Unnamed: 0,Price_sum,Price_mean,Price_count,Gender,Normalized
Female,382.91,2.815515,136,100,3.8291
Male,1867.68,2.950521,633,465,4.016516
Other / Non-Disclosed,35.74,3.249091,11,8,4.4675


# Age Demographics

In [52]:
# Bins for age groups

bins = [0, 10, 14, 19, 24, 29, 34, 39, 100]
age_labels = ['<10', '10-14', '15-19', '20-24', '25-29', '30-34', '35-39', '40+']

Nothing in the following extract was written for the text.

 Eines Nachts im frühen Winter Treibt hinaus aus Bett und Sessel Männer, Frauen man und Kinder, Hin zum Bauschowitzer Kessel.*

df['Age Groups'] =pd.cut(df["Age"], bins, labels=age_labels)
age_count = (df.groupby("Age Groups"))['SN'].nunique().reset_index()
age_count = age_count.rename(columns={'SN': 'Total Count'})
age_count


Unnamed: 0,Age Groups,Total Count
0,<10,22
1,10-14,20
2,15-19,100
3,20-24,259
4,25-29,87
5,30-34,47
6,35-39,27
7,40+,11


In [99]:
age_norm = df.groupby('Age Groups').agg(['sum', 'mean', 'count'])['Price']
age_norm.reset_index(inplace=True)

age_norm

Unnamed: 0,Age Groups,sum,mean,count
0,<10,96.62,3.019375,32
1,10-14,83.79,2.702903,31
2,15-19,386.42,2.905414,133
3,20-24,978.77,2.913006,336
4,25-29,370.33,2.96264,125
5,30-34,197.25,3.082031,64
6,35-39,119.4,2.842857,42
7,40+,53.75,3.161765,17


# Top Spenders

In [98]:
#Top Spenders by purchase value

df_top = df.groupby('SN')['Price'].agg(['sum', 'mean', 'count']).sort_values(by='sum', ascending=False).head()
df_top = df_top.rename(columns={'sum': 'Total Purchase Value', 'mean': 'Average Purchase Price', 'count': 'Purchase Count'})
df_top['Total Purchase Value'] = df_top['Total Purchase Value'].map('${:.2f}'.format)
df_top['Average Purchase Price'] = df_top['Average Purchase Price'].map('${:.2f}'.format)
df_top

Unnamed: 0_level_0,Total Purchase Value,Average Purchase Price,Purchase Count
SN,Unnamed: 1_level_1,Unnamed: 2_level_1,Unnamed: 3_level_1
Undirrala66,$17.06,$3.41,5
Saedue76,$13.56,$3.39,4
Mindimnya67,$12.74,$3.18,4
Haellysu29,$12.73,$4.24,3
Eoda93,$11.58,$3.86,3


# Most Popular

In [93]:
# Most popular items by number of purchase

df_popular = df.groupby('Item Name')['Price'].agg(['sum', 'mean', 'count']).sort_values(by='count', ascending=False).head()
df_popular = df_popular.rename(columns={'sum': 'Total Purchase Price', 'mean': 'Average Price', 'count': 'Purchase Count'})
df_popular['Total Purchase Price'] = df_popular['Total Purchase Price'].map('${:.2f}'.format)
df_popular['Average Price'] = df_popular['Average Price'].map('${:.2f}'.format)
df_popular


Unnamed: 0_level_0,Total Purchase Price,Average Price,Purchase Count
Item Name,Unnamed: 1_level_1,Unnamed: 2_level_1,Unnamed: 3_level_1
Final Critic,$38.60,$2.76,14
Arcane Gem,$24.53,$2.23,11
"Betrayal, Whisper of Grieving Widows",$25.85,$2.35,11
Stormcaller,$34.65,$3.46,10
Woeful Adamantite Claymore,$11.16,$1.24,9


# Most Profitable

In [87]:
# Top Items by purchase value

df_profit = df.groupby(['Item Name', 'Item ID', 'Price']).Price.agg(['count', 'mean', 'sum']).head().reset_index()
df_profit = df_profit.rename(columns={'count': 'Purchase Count', 'mean': 'Average Price','sum': 'Total Purchase Value'})
df_profit['Total Purchase Value'] = df_profit['Total Purchase Value'].map('${:.2f}'.format)
df_profit['Price'] = df_profit['Price'].map('${:.2f}'.format)
del df_profit['Average Price']
df_profit

Unnamed: 0,Item Name,Item ID,Price,Purchase Count,Total Purchase Value
0,Abyssal Shard,162,$2.04,3,$6.12
1,"Aetherius, Boon of the Blessed",137,$4.75,4,$19.00
2,Agatha,120,$1.91,5,$9.55
3,Alpha,130,$1.56,7,$10.92
4,"Alpha, Oath of Zeal",79,$2.88,7,$20.16


# Conclusions

In [None]:
# 1. The majority of players are male.
# 2. 20-24 Year old customers are making the most purchases and spending the most money.
# 3. The sales for the top 5 items didn't vary much.